As next example, let’s look at \(X(1)\): The periodic part of the equation becomes \(e^{-2πi\frac{t}{n}}\), which is essentially exactly one sine wave over the whole range (0..n)

X1 = np.zeros(len(spec),dtype=complex)
X1[0]=spec[0]
X1[1]=spec[1]
signal = fft.transform(X1,1)
plt.figure(1)
plt.plot(np.abs(signal))

As last example, let’s look at \(X(2)\): The periodic part is \(e^{-2πi\frac{2t}{n}}\), which is a sine wave with doubled frequency as before. Overlaying the first 3 frequency components looks like this:

X2 = np.zeros(len(spec),dtype=complex)
X2[0]=spec[0]
X2[1]=spec[1]
X2[2]=spec[2]
signal = fft.transform(X2,1)
plt.figure(1)
plt.plot(np.abs(signal))

We see that the period of the frequency components is always an integer fraction of \(n\). This is no suprise because the index \(k\) in \(e^{-2πi\frac{k}{n}t}\) is always integer.

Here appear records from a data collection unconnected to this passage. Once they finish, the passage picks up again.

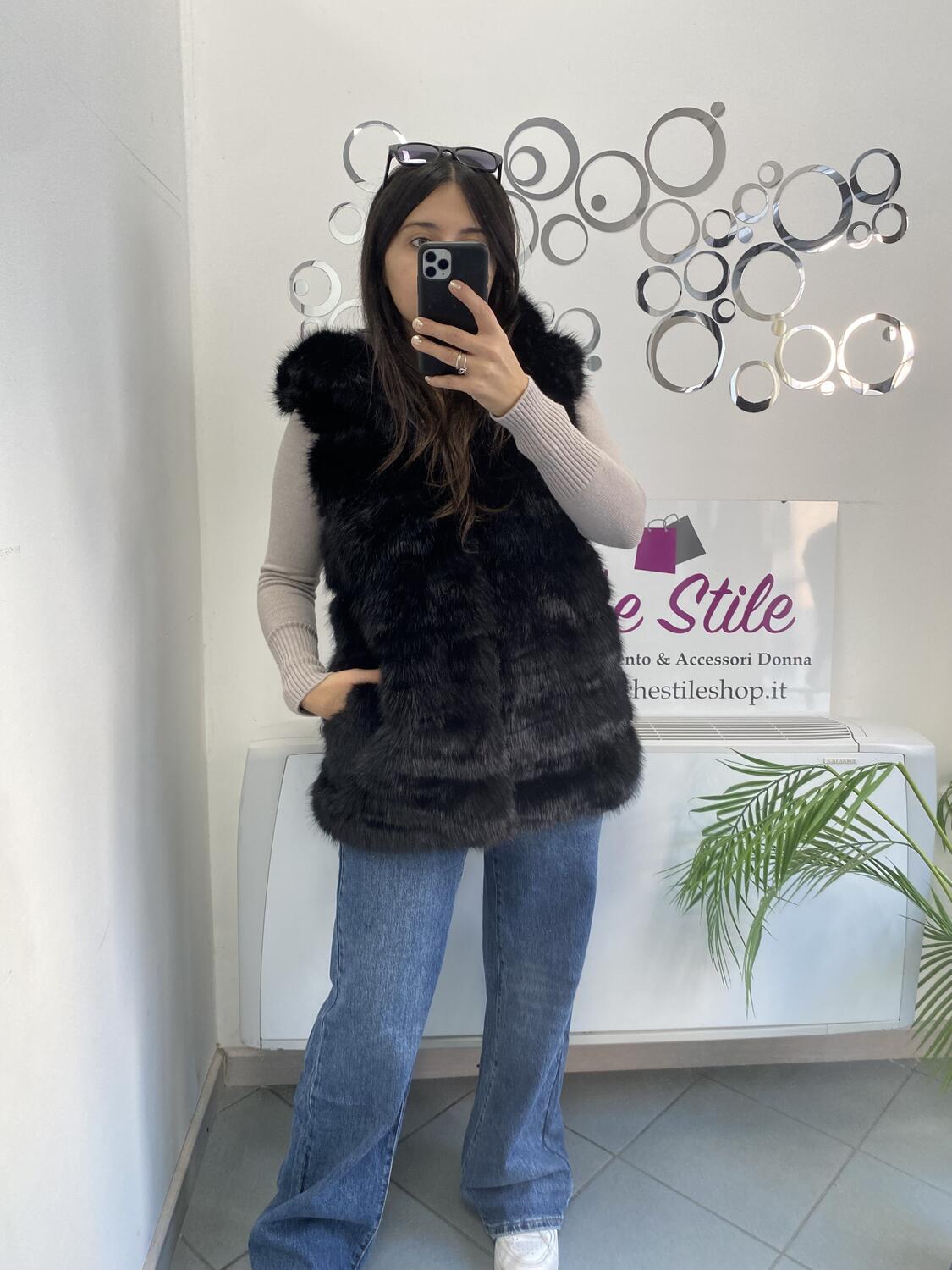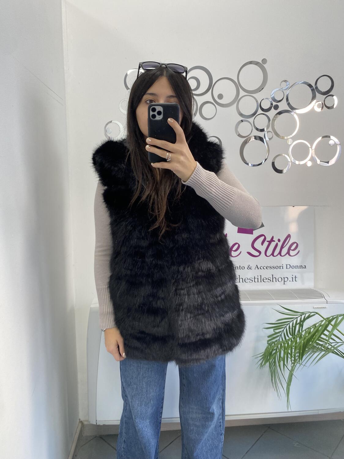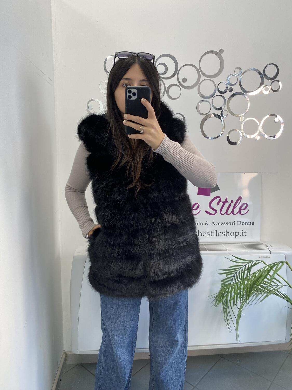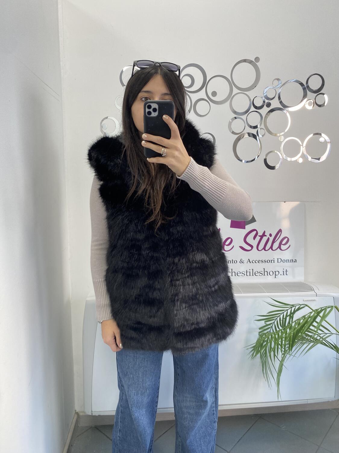 Eco pelliccia smanicata con cappuccio e tasche. Chiusura con gancini invisibili; foderata internamente. Taglia unica, veste dalla 38 alla 46. Made in Italy. Composizione: 100% poliestere.
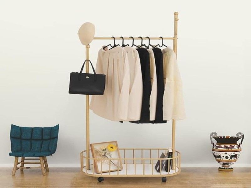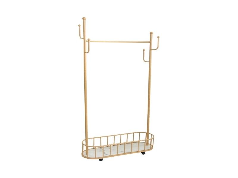 Clothes hanger with golden stand and storage basket, mobile. Dimensions: 30*75*170 cm Modern design clothes hanging stand with moving wheels. It is used in the corners of the house to hang clothes, bags, and hats in an organized manner. An ideal storage basket for storing items with a marble base. Suitable for home entrances, bedrooms, offices, and living rooms. It saves space. Mobile, easy to move to any corner of the house.
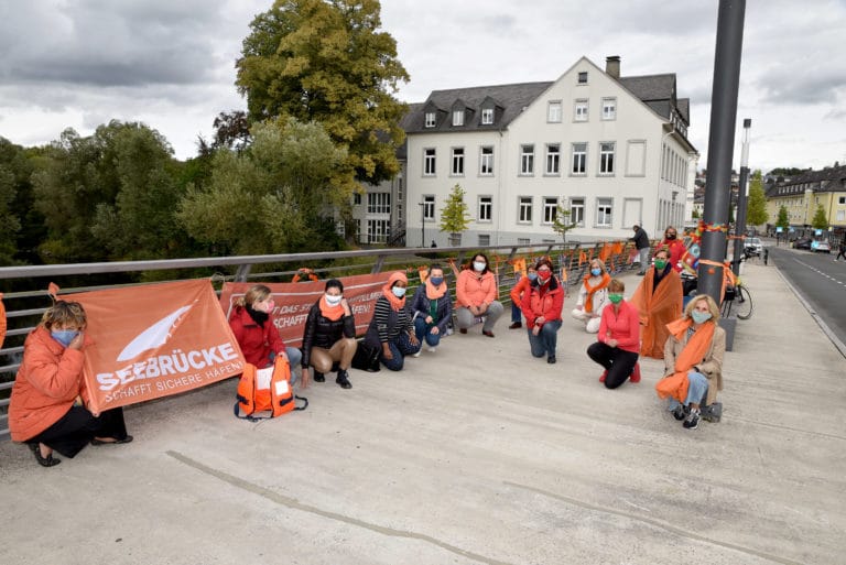 Arnsberg. Am vergangen Freitag haben Vertreter und Vertreterinnen der Seebrücke Hochsauerland, des Caritasverbandes Arnsberg-Sundern und die Pfadfinder des Stammes Liebfrauen die Aktion „Klosterbrücke zur Seebrücke machen – für eine menschengerechtere Geflüchtetenpolitik
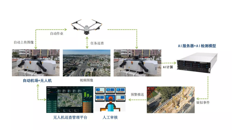 大疆机场 2 采用高防护、轻量化设计,并配备专有的 Martice 3D 系列无人机,通过自身视觉传感器能够检测周围环境遮挡情况,快速判断目标区域是否满足部署条件。根据业务需求,定制 AI 智能识别算法,构建全流程、智能化巡查监管体系,无需投入大量人力物力进行业务巡查监管,极大程度提高巡查效率及问题处理效率。
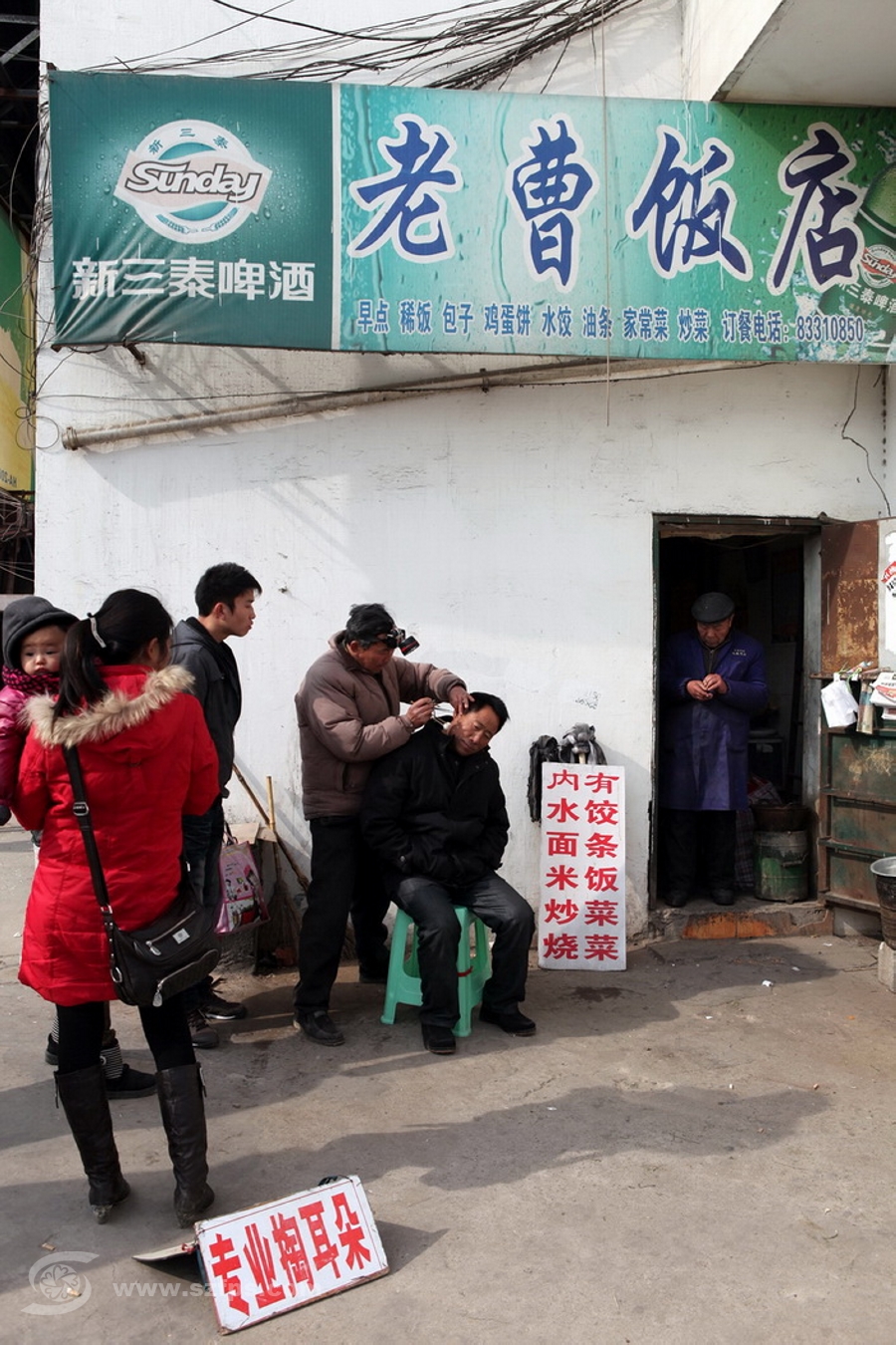 我问掏耳师傅:“你天天都在这里吗?”他说:“一般人半年掏一次耳朵就行了。所以,在一个地方只能呆上十天半个月,生意淡了就走。年前淮安就算转完了,开春去徐州。徐淮盐连几个市的乡下转完也就大半年了。很多地方都是熟客,我一到,他们就会转告,生意还凑合”。

Thus, if we continued all frequency components outside of the transformed interval (\(t>n\)) the signal would exactly repeat itself.

I hope this short essay helps you understand, in case you have a similar idea to me. The idea might work if we didn’t do the discrete Fourier transformation but one that produces a continuous spectrum. That would also contain frequency components such as 1.5 and thus predict a different continuation of the signal. But I am not sure if that could be done with that kind of source data (list of timestamps of events).